The original biography, the two-volume Life and Correspondence of M. G. Lewis, Author of The Monk, The Castle Spectre, &c. with Many Pieces in Prose and Verse, Never Before Published (London, 1839), appeared anonymously, but the author, Mrs. Cornwall Baron-Wilson, named the work as hers on the title page of a later publication ( Our Actresses; or, Glances at Stage Favourites, Past and Present, London, 1844). A biography of Lewis, who had died in 1818, had long been needed to dispel his early reputation as an immoral and blasphemous author. In 1839, moreover, it was still not too late to preserve anecdotes and biographical details which otherwise inevitably would have been lost, and his letters presented him in a new and favorable light. All this may be said in grateful acknowledgment to the author of the Life.
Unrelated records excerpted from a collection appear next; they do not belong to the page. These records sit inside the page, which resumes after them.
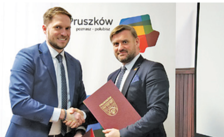
Umowa na wdrożenie systemu została podpisana w lutym

pruszkowskiej komunikacji. Kilka prostych czynności i już wiemy, ile mamy czasu do odjazdu autobusu i jak długo potrwa nasza podróż.
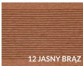
12 JASNY BRĄZ
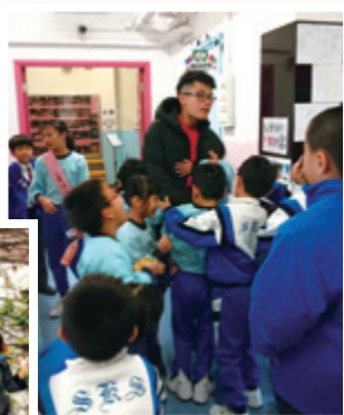
教學雖然辛苦，但作者（面向鏡頭者）認為給孩子們提供快樂童年很有意義。
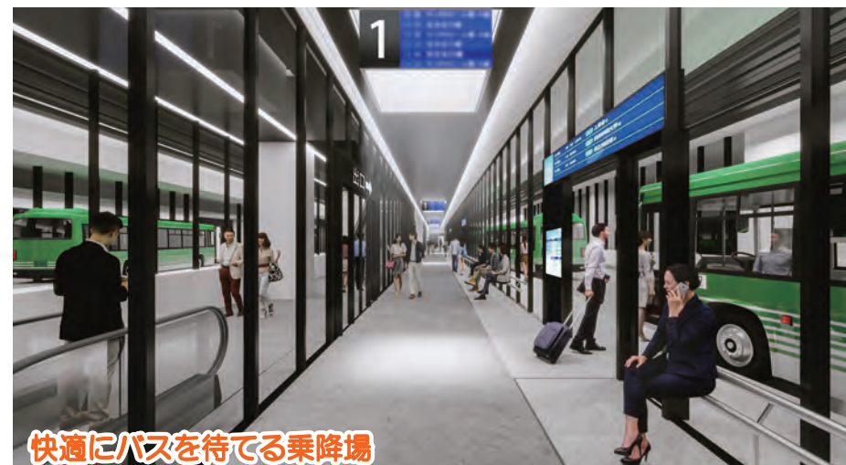
快適にバスを待てる乗降場

※建物外観や形状、内部レイアウト等はイメージであり、実態と異なる場合があります。
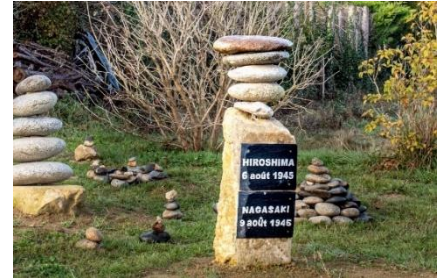
Tours réalisées avec des pierres, "sentinelles de la paix".

Dans ce parc il y a des "sentinelles de la paix" qui sont des tours de pierres superposées rappelant le souhait des survivants de Hiroshima et de Nagasaki de parvenir à l'élimination des armes nucléaires et à la paix du monde. Après l'inauguration, les enfants ont récité un poème pour la paix et chanté une chanson de la paix. Ensuite, lecture de poèmes par Miho Shimma, Ambassadrice de la ville d'Hiroshima et par un poète africain.
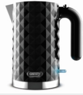
Electric Kettle CR 1169
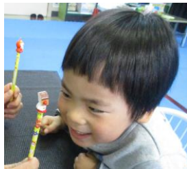
両眼の動きを観察

At the same time, criticism has often been directed against the biography. What could have been written in one volume was padded out to fill two, and in the effort to restore Lewis to the esteem of mankind the author went perhaps too far in presenting her subject as an altogether lovable figure. Concerning his writings, many of which she seems not to have read, there are numerous errors of fact, whatever one may think of the critical judgments in the book. The greatest value of the Life has always been that it reproduced some eighty letters by Lewis; but here again there are grounds for dissatisfaction, since present-day editorial standards permit considerably less freedom in transcribing manuscripts than Lewis biographer enjoyed. Scholars have complained that the dates of some of the letters must certainly be wrong and have questioned the reliability of the textsindeed, it could have been pointed out that the work presents its own certification of inaccuracy by quoting a letter at one point and again later with differences in wording. These suspicions are amply confirmed by a comparison of the originals of about sixty of the letters with their published texts. The dates of some are overlooked, suppressed, or arbitrarily altered in the biography; one letter is divided and presented as two written in different years; two others are combined into one; and numerous passages are deleted, sometimes with, more often without, any indication of omission. In reproducing one text from a mutilated manuscript, the biographer silently filled in the lacunae with plausible readings for half a page, then through weariness or caprice abandoned the effort and brought the letter to a sudden close. There are also, of course, small verbal changes in the interests of decorum in both the letters and the fragments of Lewis writings included in the Life : for instance, sensual is softened to shameful; vices, bed-gown, and petticoats become, respectively, disagreeables, dressing-gown, and dress. While it must be said that none of the verbal alterations, inadvertent or deliberate, are of great consequence, it is still true that hardly a sentence in the manuscripts available for the present study is reproduced in the Life exactly as it was written.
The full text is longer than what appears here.